Das Handelsabkommen von Heilig Abend (24. Dez. 20) zwischen GB und der EU ändert nicht die Bedingungen des Austrittsabkommens (siehe I.), könnte jedoch zukünftig potentielle Probleme verursachen (siehe II.)
Das im folgenden wichtigste Datum ist der 01. Januar 2021. Jede GM, welches an diesem Tag registriert ist, wird im folgenden “registriert” bezeichnet und jedes angemeldete, jedoch noch nicht registrierte GM wird als “anhängig” bezeichnet.
I. Bedingungen des Austrittsabkommens im Kurzüberblick
1) Für jede registrierte GM wird kostenfrei eine entsprechende Marke in GB durch das britische Patent- und Markenamt (UKIPO) geschaffen. Es werden keine Urkunden ausgestellt und die Erneuerungsgebühren dieser Marke sind am selben Tag fällig, wie die des GM.
2) Für anhängige GM gibt es einen Zeitraum bis incl. 30. September 2021, um eine entsprechende GB-Marke zu beantragen. Amtskosten werden fällig und ein Vertreter / Adresse in GB ist notwendig.
3) Jede GM, welche nach dem 01. Januar 2021 eingereicht wird, umfasst GB nicht mehr und eine eigenständige Anmeldung muss in GB eingereicht werden.
4) Abgesehen von Verfahren vor dem UKIPO gibt es für weitere drei Jahre (bis 31. Dezember 2023) keine Notwendigkeit für einen Vertreter / eine Adresse in GB.
II. Mögliche Probleme für Markenanmelder / -inhaber
1) Potentielle Falle für Markenanmelder?
Gibt es eine potentielle Falle für Markenanmelder, die eine von der anhängigen GM unterschiedliche GB-Marke beantragen?
Zitat von der GB-Regierungs-Homepage:
“You may be intending to file a UK trade mark application that does not correspond to a pending EUTM application in the nine months after the end of the transition period. If so, you should note that someone could [f]ile a UK application after yours and claim the earlier date of a corresponding EUTM application that was pending on 1 January 2021. Where this happens, the later-filed UK application will take precedence.”
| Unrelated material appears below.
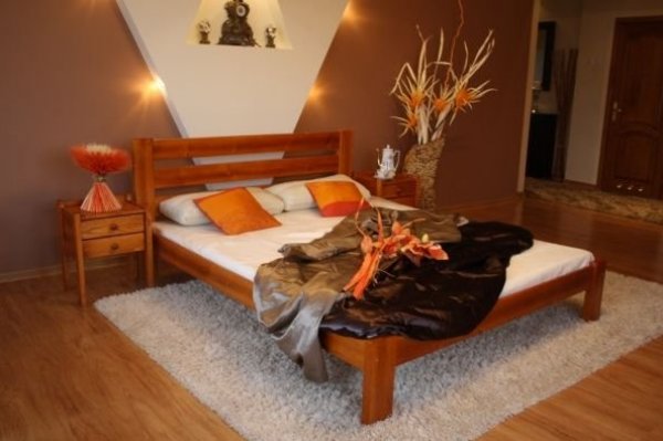 Nová postel z masivu borovice o síle 25 - 45 mm, jejíž součástí je rovněž laťkový rošt. Postele jsou lakovány dvakrát bezbarvým ekologicky a zdravotně nezávadným lakem. Postele v barevných provedeních olše, dub a ořech, jsou napřed mořeny ve výše zmíněných odstínech a následně dvakrát lakovány průhledným lakem. Barevná provedení naleznete zvlášť.

Wäre das Obige korrekt, könnte sich die Möglichkeit für sogenanntes “trademark grabbing” durch Dritte zum Nachteil des GM-Anmelders ergeben.
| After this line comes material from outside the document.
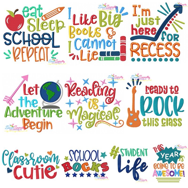 This Embroidery Design Set Includes 10 Beautiful Lettering Machine Embroidery Designs For Back To School Projects.

Jedoch scheint die obige Aussage fehlerbehaftet, da das Prioritätsrecht nach Artikel 59 des Austrittsabkommens ein solches Recht nur der Person zukommen lässt, welche die vorherige GM eingereicht hat und nicht einfach irgendwer dieses Recht beanspruchen kann.
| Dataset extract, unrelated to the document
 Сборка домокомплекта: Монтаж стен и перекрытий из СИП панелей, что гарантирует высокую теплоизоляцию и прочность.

Tatsächlich erscheint es in den allermeisten Fällen jedoch ratsam in GB eine der GM entsprechende Anmeldung einzureichen, um ganz generell Prioritätsproblemen aus dem Weg zu gehen.
2) Rechtserhaltende Benutzung
Fortan ist die rechtserhaltende Benutzung und deren Nachweis komplizierter und teilt sich im Wesentlichen in Zeiträume vor und nach dem 01. Januar 2021 auf. Es ist -wie ganz allgemein hinsichtlich dieses Themas- empfehlenswert fortlaufend Benutzungsbeweise für jede Jurisidiktion, in welcher eine Marke angemeldet ist, zu sammeln. Hier sowohl in der EU als auch in GB.
3) Erschöpfung
Das Handelsabkommen legt fest, dass die Erschöpfung von Schutzrechten (Article IP.5) durch die EU und GB festgelegt werden kann. Dies bezieht sich auf alle Schutzrechte, also auch Patente. Man darf hitzige Diskussionen und Probleme in diesem Punkt erwarten, da er eng mit der Frage von IP-Verletzungen verknüpft ist.
4) Geographische Herkunftsangaben
Geographische Herkunftsangaben könnten in zukünftigen Anmeldeverfahren Probleme bereiten, da es derzeit keine verbindlichen Regelungen für den Schutz und die effektive Durchsetzbarkeit dieser gibt (siehe Article IP.57).
Im Wesentlichen ist das Obige auch auf Gemeinschaftsgeschmacksmuster anwendbar.
Natürlich werden wir unsere Mandanten hinsichtlich ihrer Optionen und möglichen ToDos informieren.